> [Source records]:
***

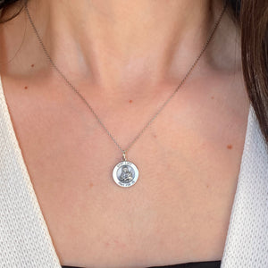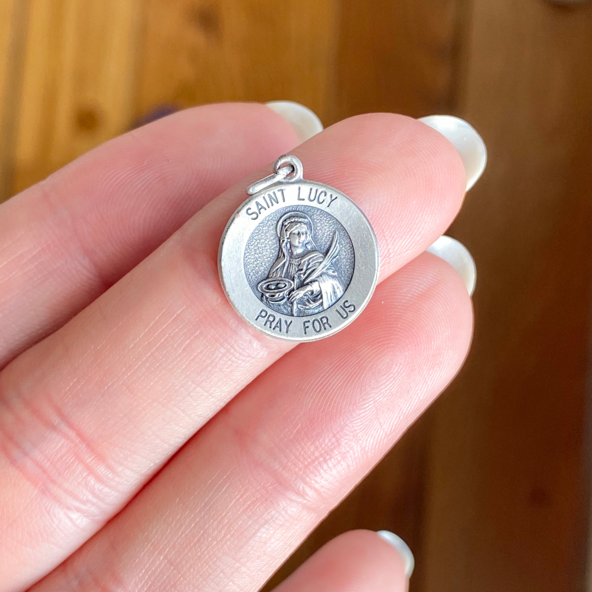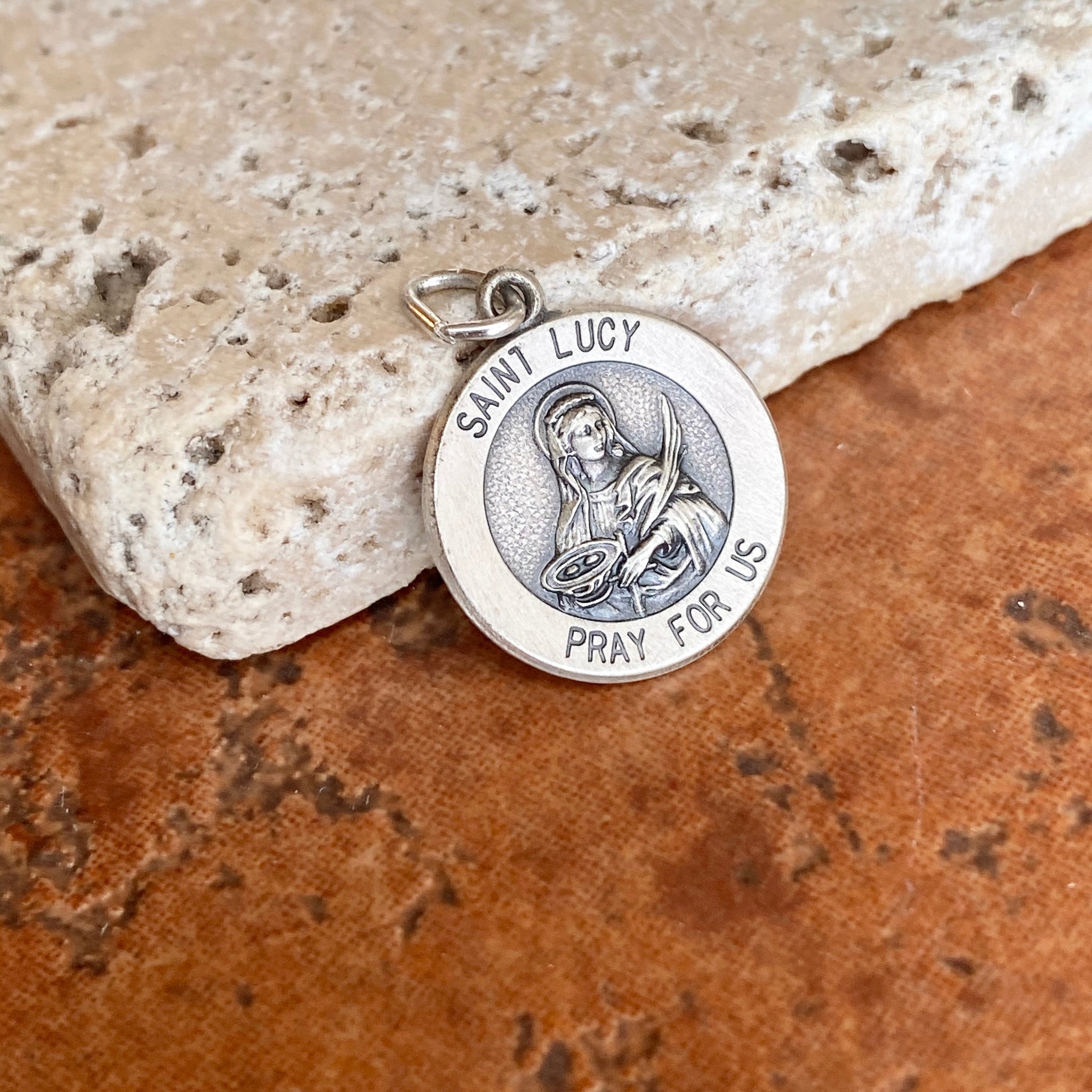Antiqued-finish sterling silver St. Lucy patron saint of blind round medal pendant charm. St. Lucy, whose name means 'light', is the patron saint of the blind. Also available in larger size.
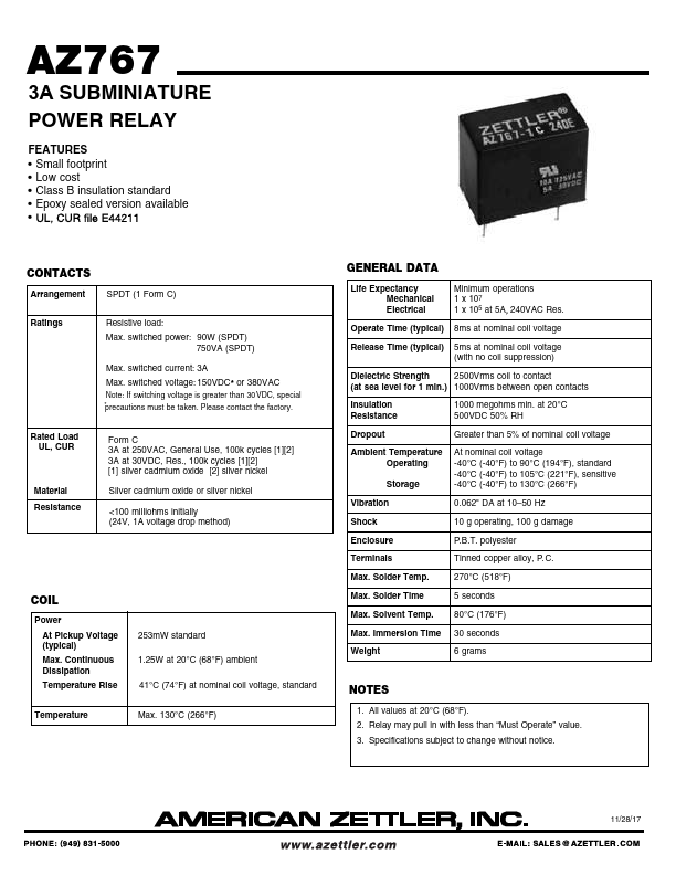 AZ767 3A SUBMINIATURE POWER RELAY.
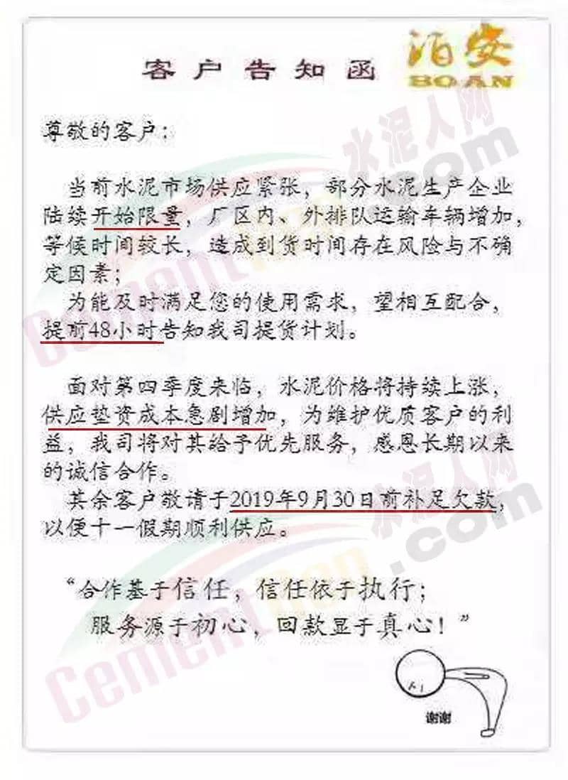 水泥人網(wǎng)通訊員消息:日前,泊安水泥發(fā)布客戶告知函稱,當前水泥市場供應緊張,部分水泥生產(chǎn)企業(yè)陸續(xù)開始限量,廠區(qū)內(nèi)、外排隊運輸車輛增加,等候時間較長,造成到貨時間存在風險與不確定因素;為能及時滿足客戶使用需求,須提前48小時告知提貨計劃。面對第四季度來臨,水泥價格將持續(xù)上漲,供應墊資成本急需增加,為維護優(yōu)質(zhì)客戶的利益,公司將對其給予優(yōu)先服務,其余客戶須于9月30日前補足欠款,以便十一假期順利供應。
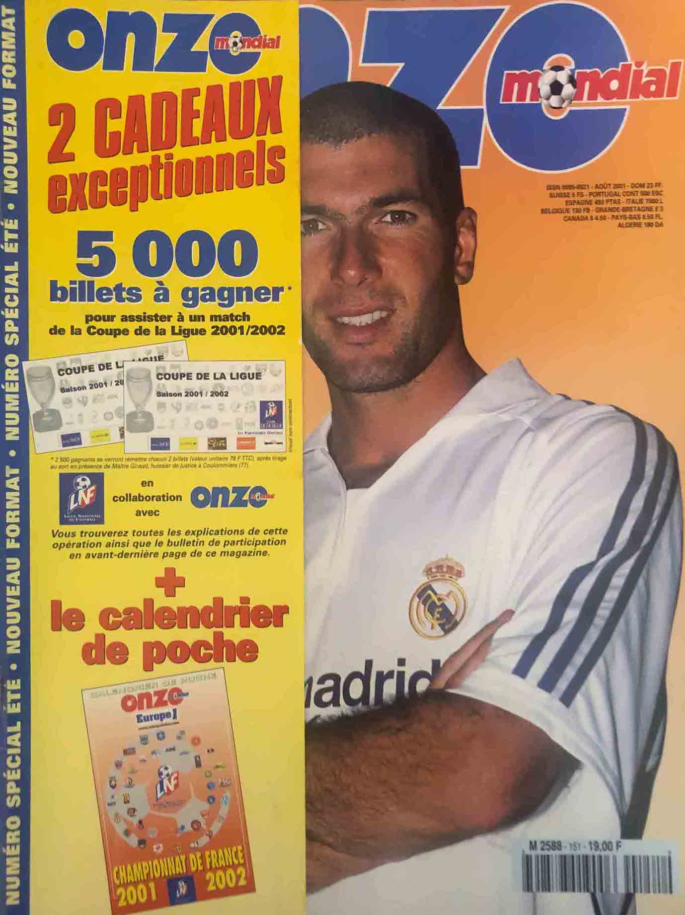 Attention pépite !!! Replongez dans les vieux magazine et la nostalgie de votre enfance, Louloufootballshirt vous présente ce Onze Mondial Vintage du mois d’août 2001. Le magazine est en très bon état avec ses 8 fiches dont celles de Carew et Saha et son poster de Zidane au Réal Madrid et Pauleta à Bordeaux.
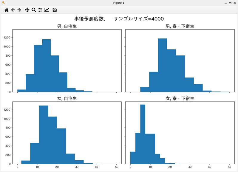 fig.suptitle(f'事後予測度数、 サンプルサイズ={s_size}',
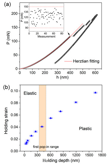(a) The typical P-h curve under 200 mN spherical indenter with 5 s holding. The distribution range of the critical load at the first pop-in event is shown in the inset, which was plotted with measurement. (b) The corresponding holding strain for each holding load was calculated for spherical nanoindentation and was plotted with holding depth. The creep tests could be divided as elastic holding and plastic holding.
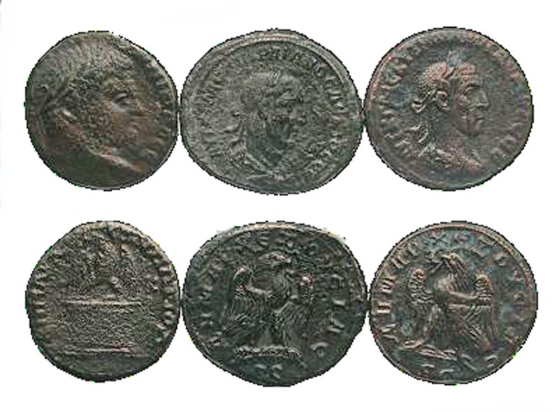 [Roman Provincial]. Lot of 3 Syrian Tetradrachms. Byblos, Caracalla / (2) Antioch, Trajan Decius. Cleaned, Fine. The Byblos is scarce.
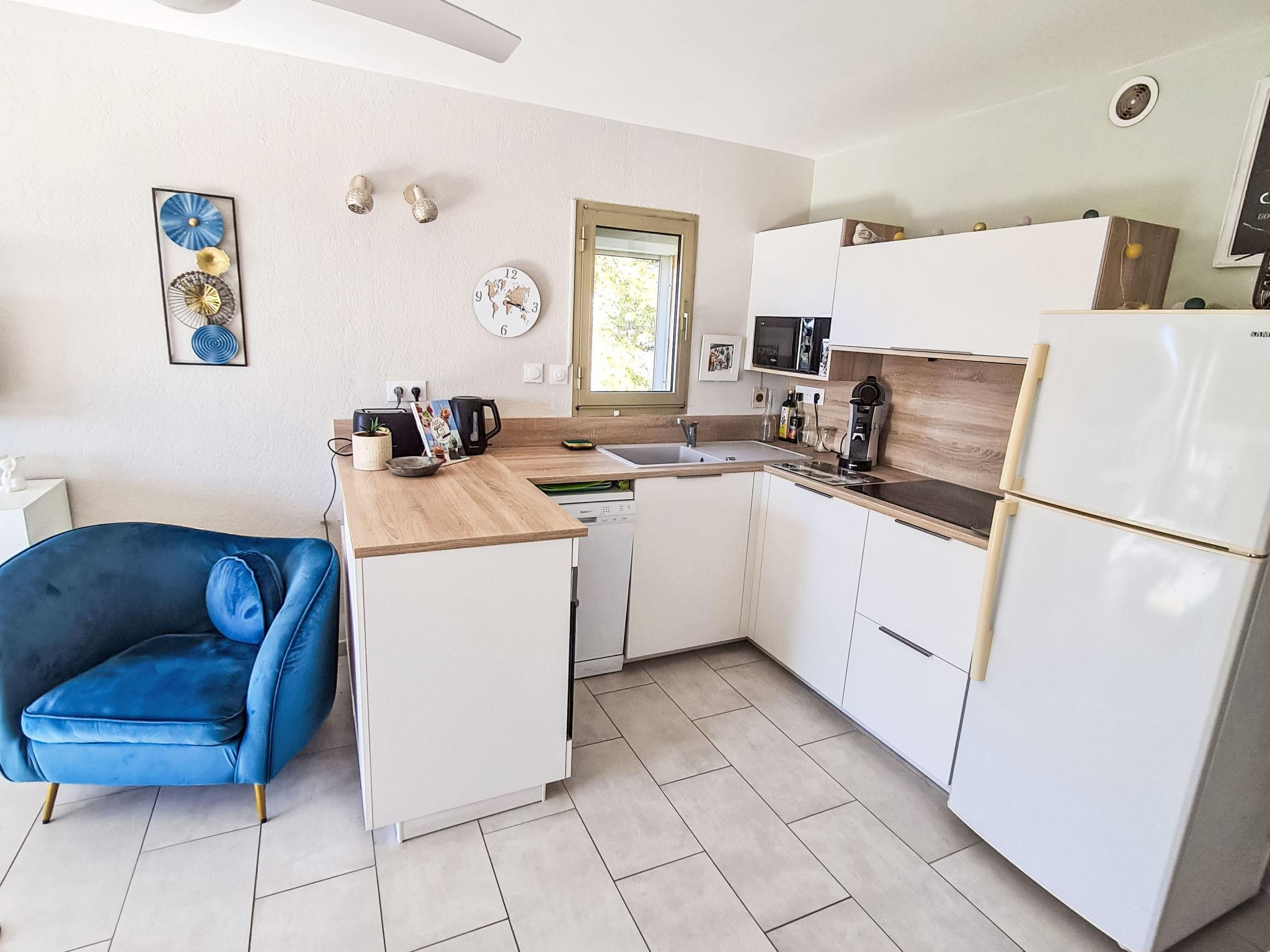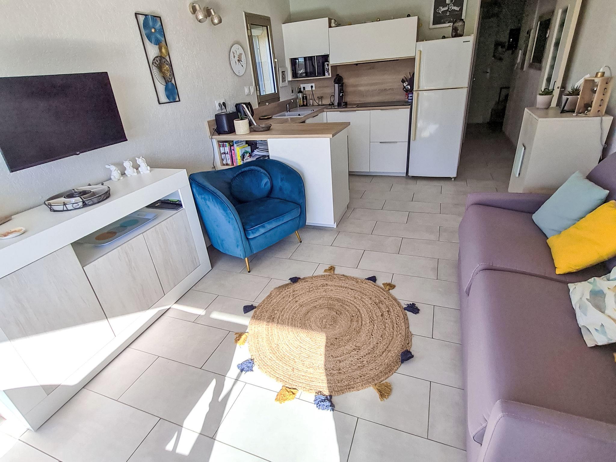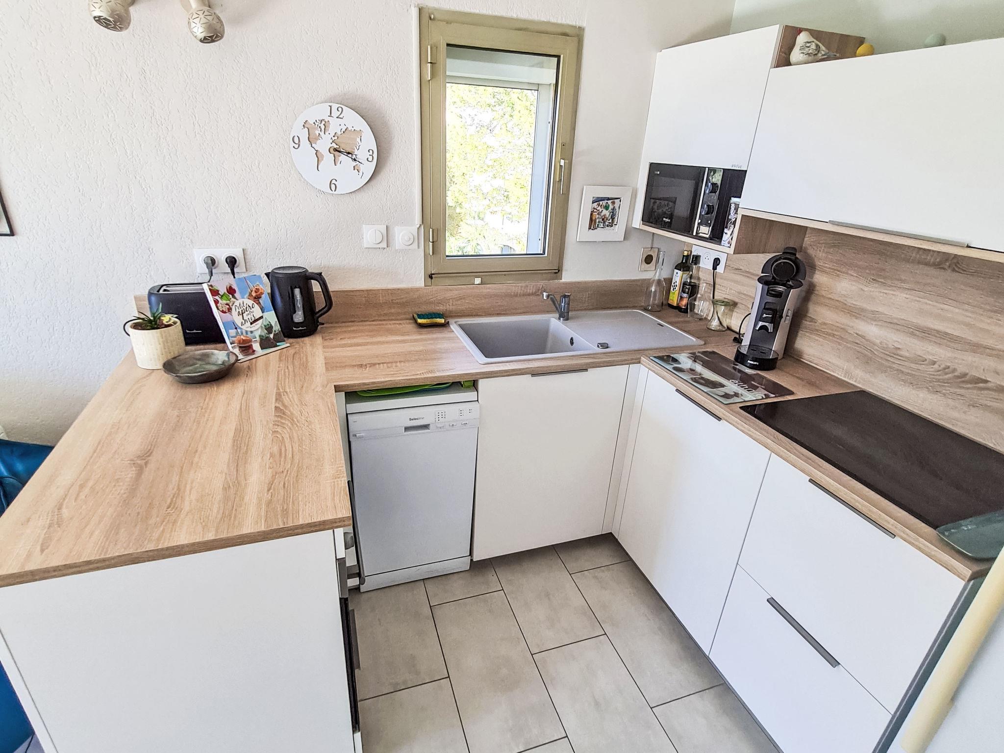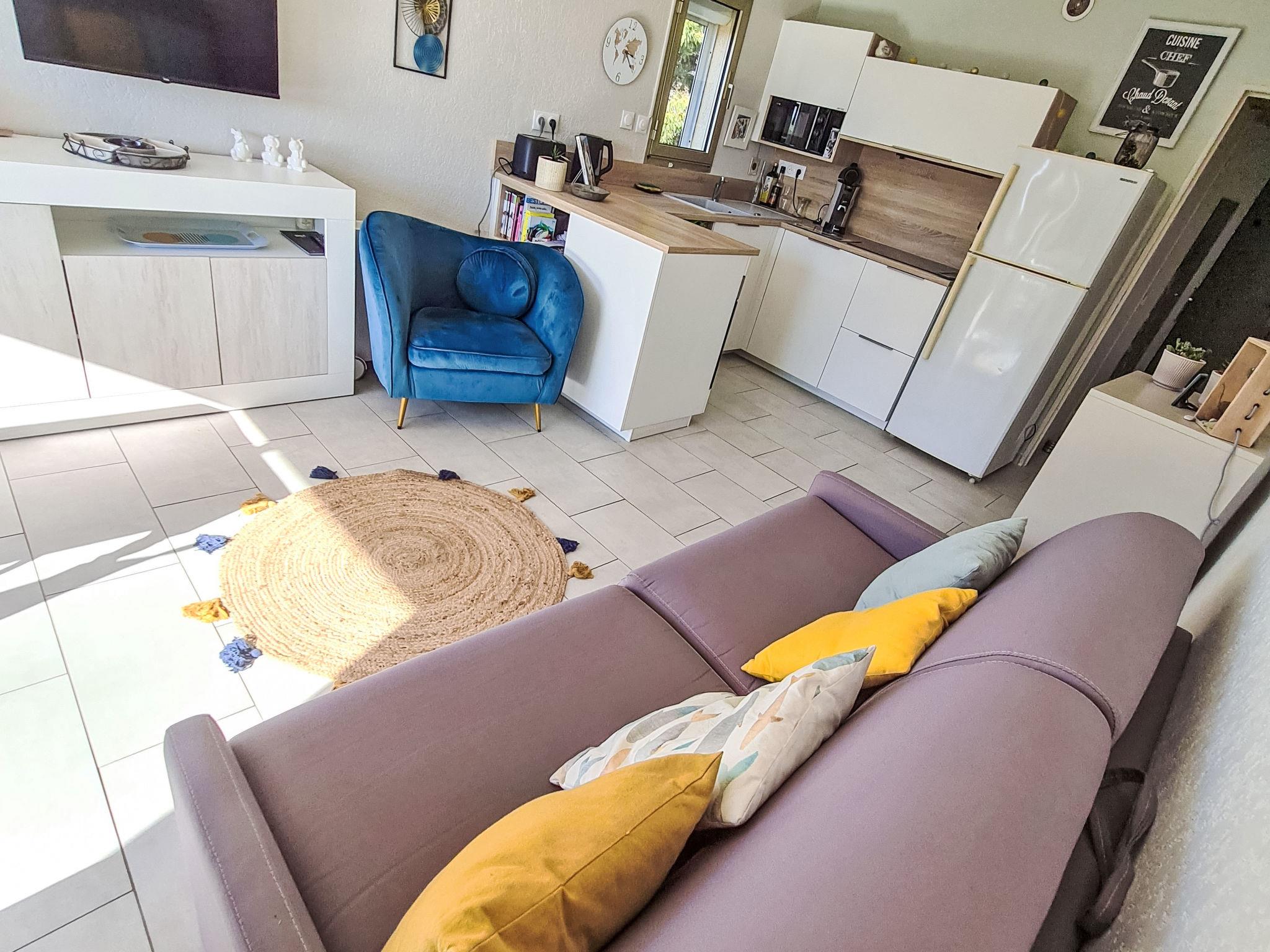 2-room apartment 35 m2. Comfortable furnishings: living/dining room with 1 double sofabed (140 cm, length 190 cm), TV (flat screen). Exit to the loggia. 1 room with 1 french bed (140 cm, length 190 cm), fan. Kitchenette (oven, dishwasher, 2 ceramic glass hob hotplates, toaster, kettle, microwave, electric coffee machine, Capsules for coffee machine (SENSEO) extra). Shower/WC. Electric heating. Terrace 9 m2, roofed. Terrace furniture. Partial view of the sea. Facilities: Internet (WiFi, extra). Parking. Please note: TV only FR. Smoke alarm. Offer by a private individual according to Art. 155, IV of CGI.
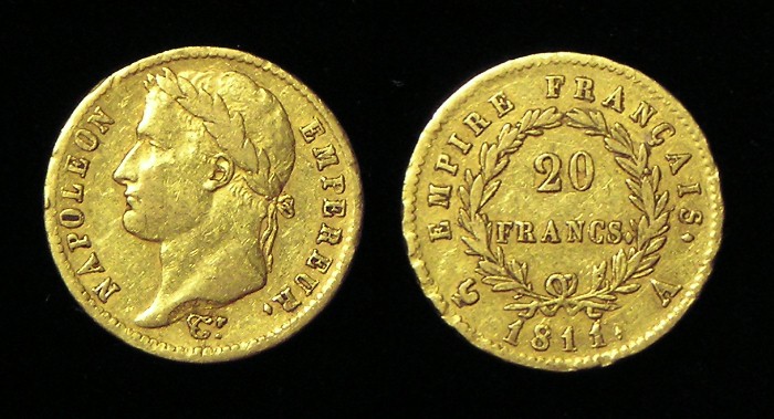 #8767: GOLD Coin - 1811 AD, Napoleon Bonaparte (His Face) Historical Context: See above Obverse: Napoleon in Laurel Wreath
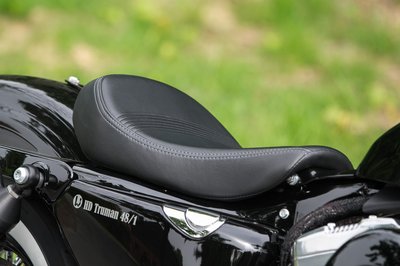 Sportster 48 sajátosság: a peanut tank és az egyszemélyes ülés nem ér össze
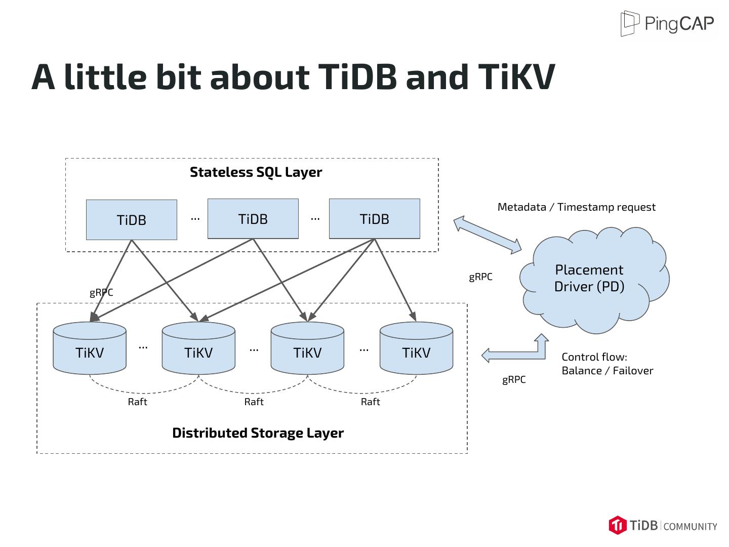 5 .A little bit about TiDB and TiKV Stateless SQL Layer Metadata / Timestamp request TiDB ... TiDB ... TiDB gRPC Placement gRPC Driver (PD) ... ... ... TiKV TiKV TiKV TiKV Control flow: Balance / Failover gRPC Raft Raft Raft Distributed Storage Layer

***

> [ACTIVITY]:
From the line that contains "#8767: GOLD Coin" to the last line of the records above, copy each line exactly, both ends included, and leave the pictures out.

> [ANSWER FOR THIS EXERCISE]:
 #8767: GOLD Coin - 1811 AD, Napoleon Bonaparte (His Face) Historical Context: See above Obverse: Napoleon in Laurel Wreath
 Sportster 48 sajátosság: a peanut tank és az egyszemélyes ülés nem ér össze
 5 .A little bit about TiDB and TiKV Stateless SQL Layer Metadata / Timestamp request TiDB ... TiDB ... TiDB gRPC Placement gRPC Driver (PD) ... ... ... TiKV TiKV TiKV TiKV Control flow: Balance / Failover gRPC Raft Raft Raft Distributed Storage Layer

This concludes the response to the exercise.